9.2.3 Tuning the Mapping and Descriptor Configurations

EclipseLink can transform data between an object representation and a representation specific to a data source. This transformation is called mapping and it is the core of a EclipseLink project.

A mapping corresponds to a single data member of a domain object. It associates the object data member with its data source representation and defines the means of performing the two-way conversion between object and data source.

For information on Mapping see, "Configuring Mappings" at http://wiki.eclipse.org/EclipseLink/UserGuide/JPA/Basic_JPA_Development/Mapping.

9.2.4 Using Data Partitioning

EclipseLink allows you to configure data partioning using the @Partitioned annotation. Partitioning enables an application to scale information across multiple databases; including clustered databases. For more information on using @Partioned and other partitioning policy annotations, see "Data Partitioning" at http://wiki.eclipse.org/EclipseLink/UserGuide/JPA/Advanced_JPA_Development/Data_Partitioning.

9.3 Advanced Tuning Considerations

After you have performed the modifications recommended in the previous section, you can make additional changes that are specific to your deployment. Consider carefully whether the recommendations in this section are appropriate for your environment.

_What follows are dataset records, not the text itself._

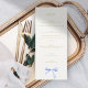 Cette carte à plat chic et tendance du menu mariage blanc offre un menu entièrement personnalisable ainsi qu'une jolie illustration couleur azur en ruban. Le verso comprend du texte facultatif, que vous pouvez modifier. Si aucun texte n'est préféré à l'arrière, laissez simplement cette zone de texte vide. Vous pouvez également ajouter vos initiales ou vos noms au verso seulement.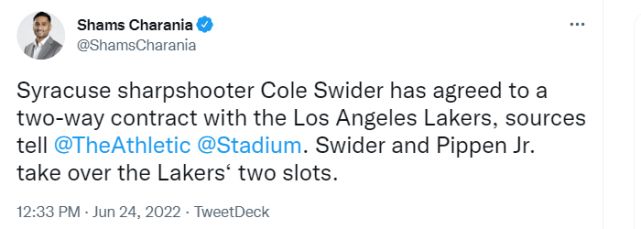 在高中最后一年,谢里夫以场均27分17篮板的两双数据带领球队成功夺冠。正当自己准备在大学联赛施展拳脚之时,却因为心脏问题被迫接受手术,大学联赛中,谢里夫并没有打出外界预期的优异表现,大学四年一共就只打了37场比赛,场均仅有2.6分3篮板的惨淡数据。此外湖人还签了射手科尔-斯威德。
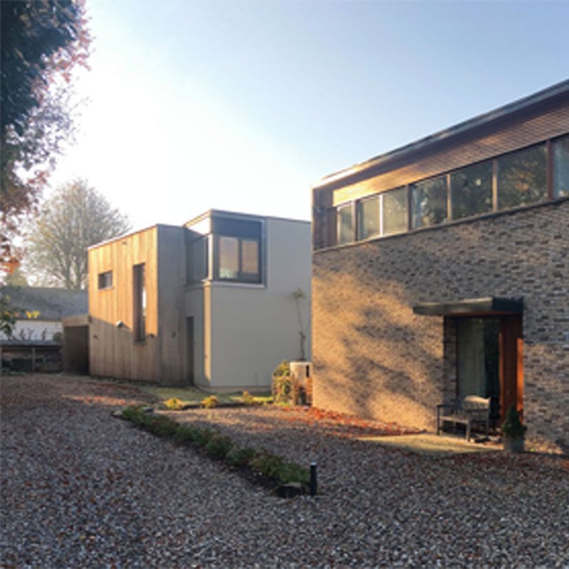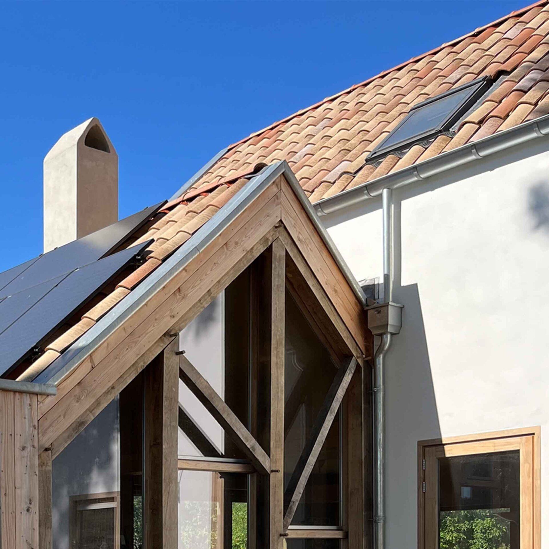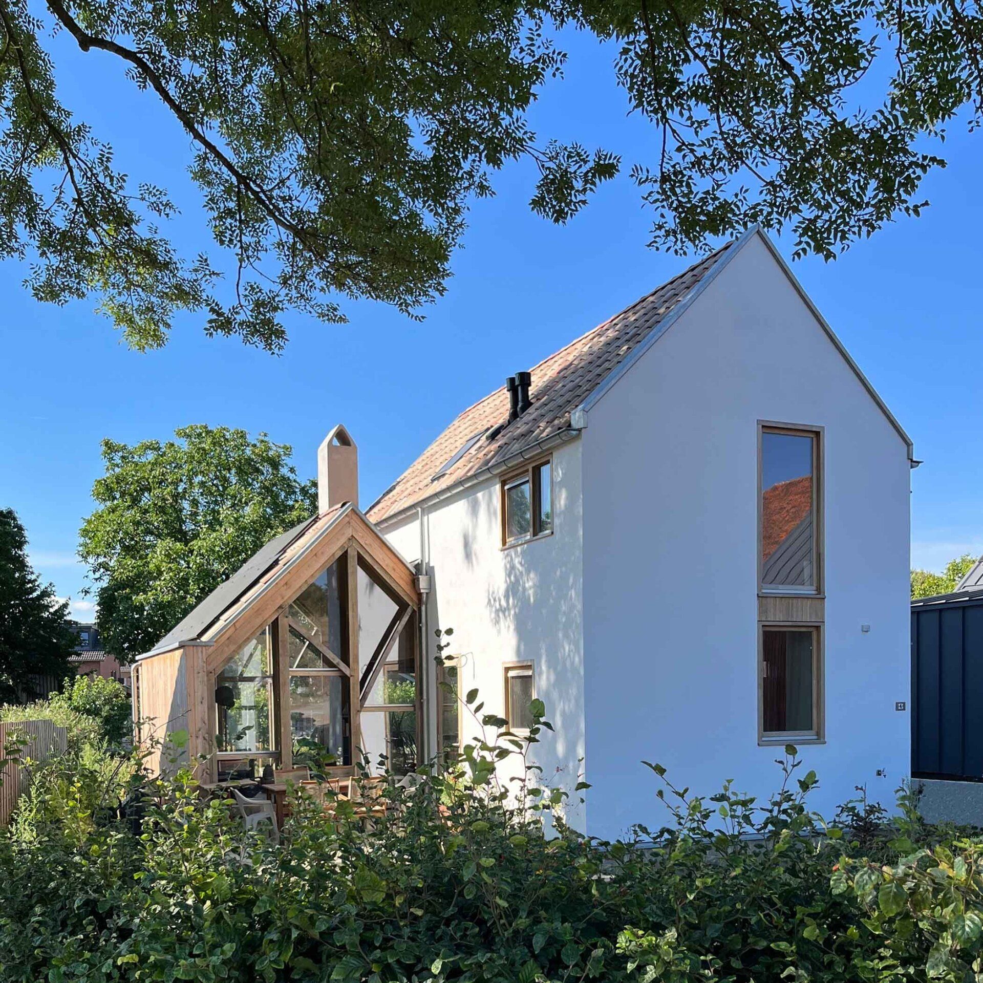 Deze woning heeft doormiddel van een aanbouw aan de zij-en achtergevel een grotere leefkeuken gekregen. Grote puien geven een mooi doorzicht naar de voor en achtertuin. Op de aanbouw is aan de achterzijde de verdieping vergroot met plek voor er een extra slaap-met badkamer. De nok van het dak is verhoogd, waardoor ook op deze verdieping 2 mooie ruimten zijn ontstaan. De bestaande raamopening is doorgetrokken en loopt over in een speciale dakkapel. De hele woning is ingepakt met isolatie en voorzien van aluminiumkozijnen en puien met driedubbele beglazing. Dit in combinatie met zonnepanelen en een warmtepomp zorgt voor een energieneutrale woning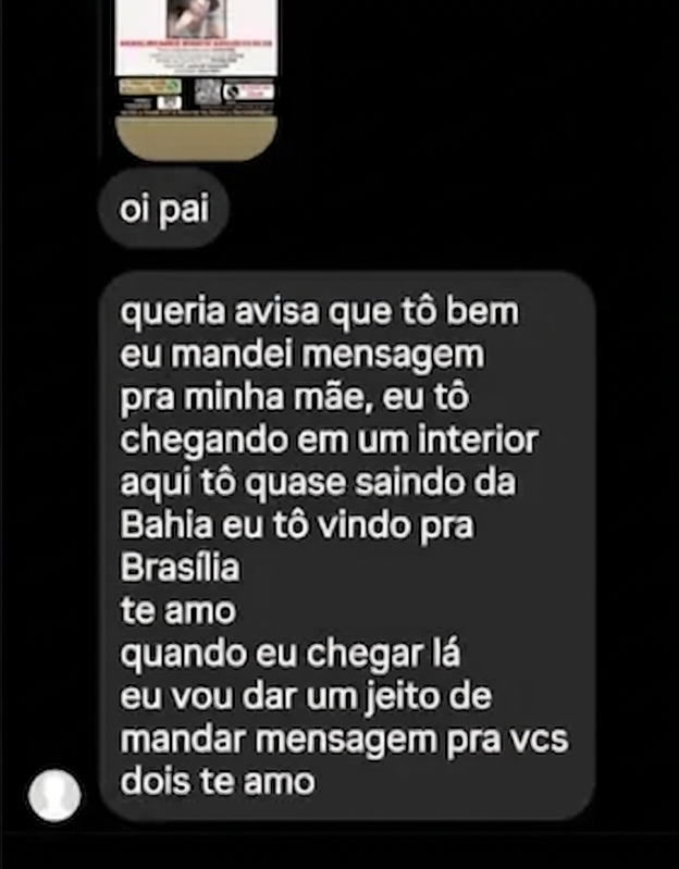 Em uma mensagem enviada posteriormente pelas redes sociais, a jovem entrou em contato com o pai, afirmando que estava bem e que havia chegado a uma cidade do interior próxima a Brasília.

9.3.1 Integrating with Oracle Coherence

Oracle Toplink can be integrated with Oracle Coherence. This integration is provided through the Oracle TopLink Grid feature. With TopLink Grid, there are several types of integration with EclipseLink JPA features.

For example:

  • Replace the default EclipseLink L2 cache with Coherence. This provides support for very large L2 caches that span cluster nodes. EclipseLink's default L2 cache improves performance for multi-threaded and Java EE server hosted applications running in a single JVM, and requires configuring special cache coordination features if used across a cluster.

  • Configure entities to execute queries in the Coherence data grid instead of the database. This allows clustered application deployments to scale beyond database-bound operations.

For more information on using EclipseLink JPA with a Coherence Cache, see "JPA on the Grid" Approach at http://www.oracle.com/technology/products/ias/toplink/doc/11110/grid/tlgug003.htm

For more information on Oracle Toplink integration with Oracle Coherence, see "Oracle TopLink Integration with Coherence Grid Guide" at http://www.oracle.com/technology/products/ias/toplink/doc/11110/grid/toc.htm

9.3.2 Analyzing EclipseLink JPA Entity Performance

This section lists a few features in EclipseLink that can help you analyze your JPA application performance:

  • Form monitoring performance, see "Performance Monitoring" in the EclipseLink User's Guide. Note that this tool is intended to profile and monitor information in a multithreaded server environment.

  • For profiling performance, see "Measuring EclipseLink Performance with the EclipseLink Profiler" in the EclipseLink User's Guide. Note that this tool is intended for use with single-threaded finite use cases.

  • For debugging performance issues and testing, you can view the SQL generated from EclipseLink. To view the SQL, increase the logging level to "FINE" by using the EclipseLink JPA extensions for logging.

    For best performance, remember to restore the logging levels to the default levels when you are done profiling or debugging.